The question is somewhat loosely stated, leading to various answers and comments which are at cross-purposes. Some specific families of finite groups are mentioned, but the list seems to be left open (?) Among these families, the symmetric and alternating groups have no built-in prime $p$ to favor. Moreover, Burnside's theorem (as people have noted) always allows one to embed a given $p$-group in some symmetric group; if the prime is odd, this is the same as embedding into a (usually simple) alternating group. But in such cases there would probably be only a minuscule chance that the given $p$-group can be embedded as a Sylow $p$-subgroup. I can't prove this offhand but suspect it's known to finite group theorists. As Pete suggests, some numerical estimates might be a good tool. Work by P. Hall and others has shown how rapidly the number of different groups of order $p^n$ grows for a given prime as $n$ grows; on the other hand, there is a lot of classical literature on the Sylow structure of symmetric groups.
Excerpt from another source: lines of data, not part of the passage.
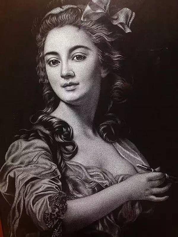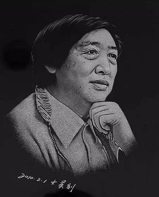 她说,人物的面部表情和立体感是靠黑白灰来体现,黑白灰是靠手腕上的力度来掌握,力度的大小要用心和眼睛来控制,必须心手合一,恰到好处。每次做人物眼睛时必须全神贯注甚至是高度紧张,每个细节都必须是一气呵成。稍有一丁点儿不慎,就严重影响了人物的面目表情,一旦出错便无法修补。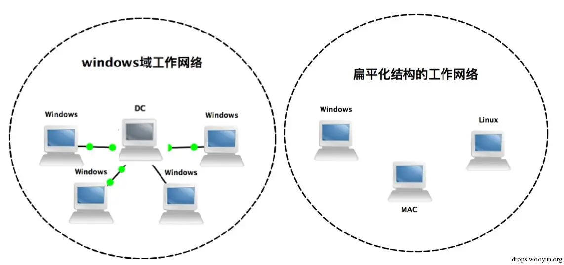 windows域与扁平化网络结构对比图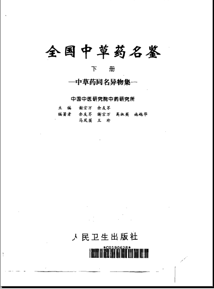 【转载】[全国中草药名鉴(下册)中草药同物异名集].中国中医研究院中药研究所.扫描版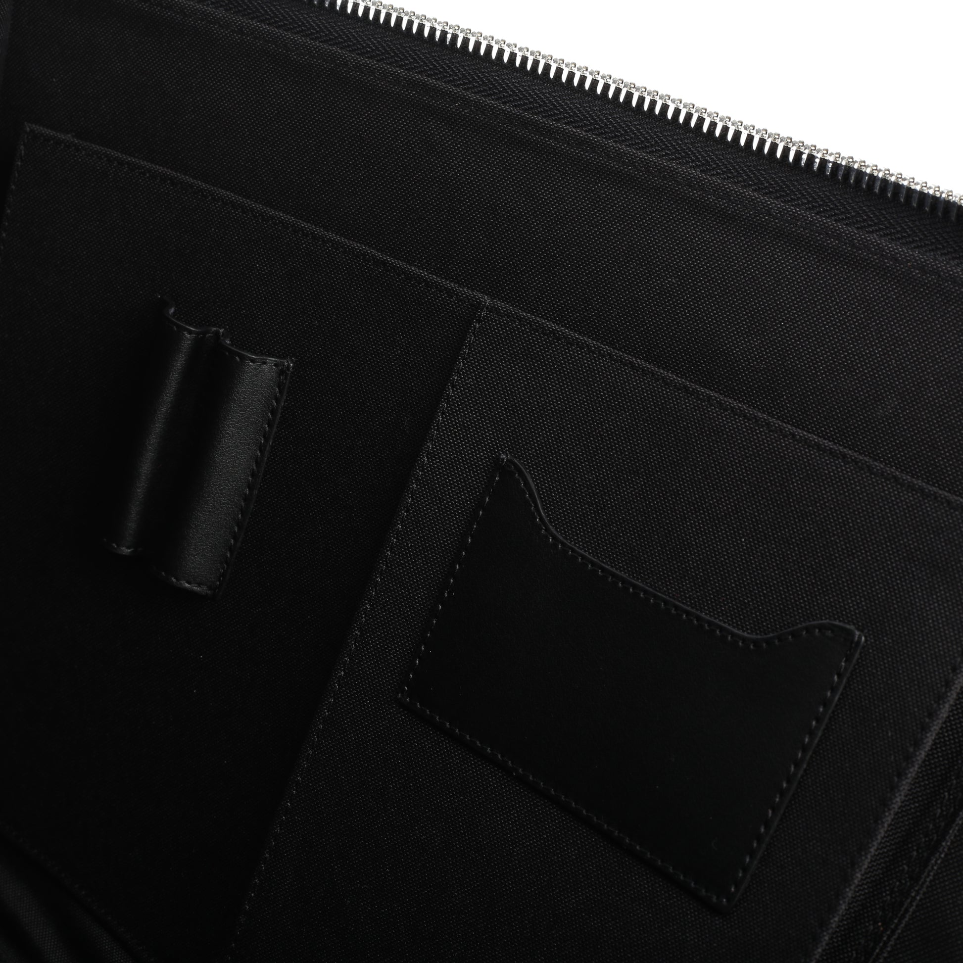Teczka na dokumenty posiada dwie wewnętrzne kieszenie i jedną zewnętrzną, miejsce na długopisy i wizytówki.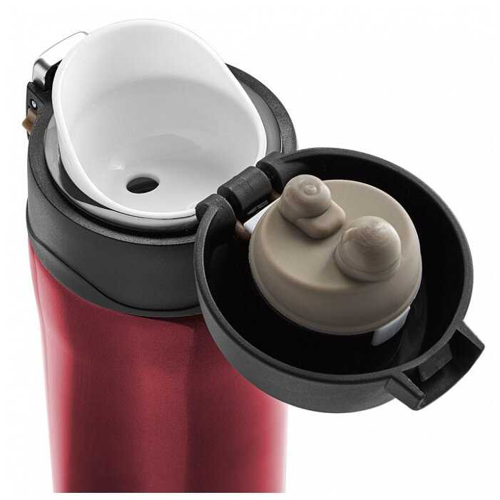 Особенности : | вакуумный, кнопка-клапан, непроливайка, носик для питья, отверстие для питья в крышке, силиконовая вставка на корпусе |

The other families mentioned are among those of Lie type, defined relative to a specific prime $p$. Here the structure of a Sylow $p$-subgroup is severely constrained by the root system involved, whereas the order of such groups is easy enough to specify. So again it seems most unlikely outside limited cases that a given $p$-group will be on the list of Sylow subgroups even if you take all groups of Lie type into account. (This too might be in the literature.) For these families it doesn't even seem plausible to me that one can embed an arbitrary $p$-group into such a Sylow subgroup over a large enough field of characteristic $p$. But that wasn't the question asked.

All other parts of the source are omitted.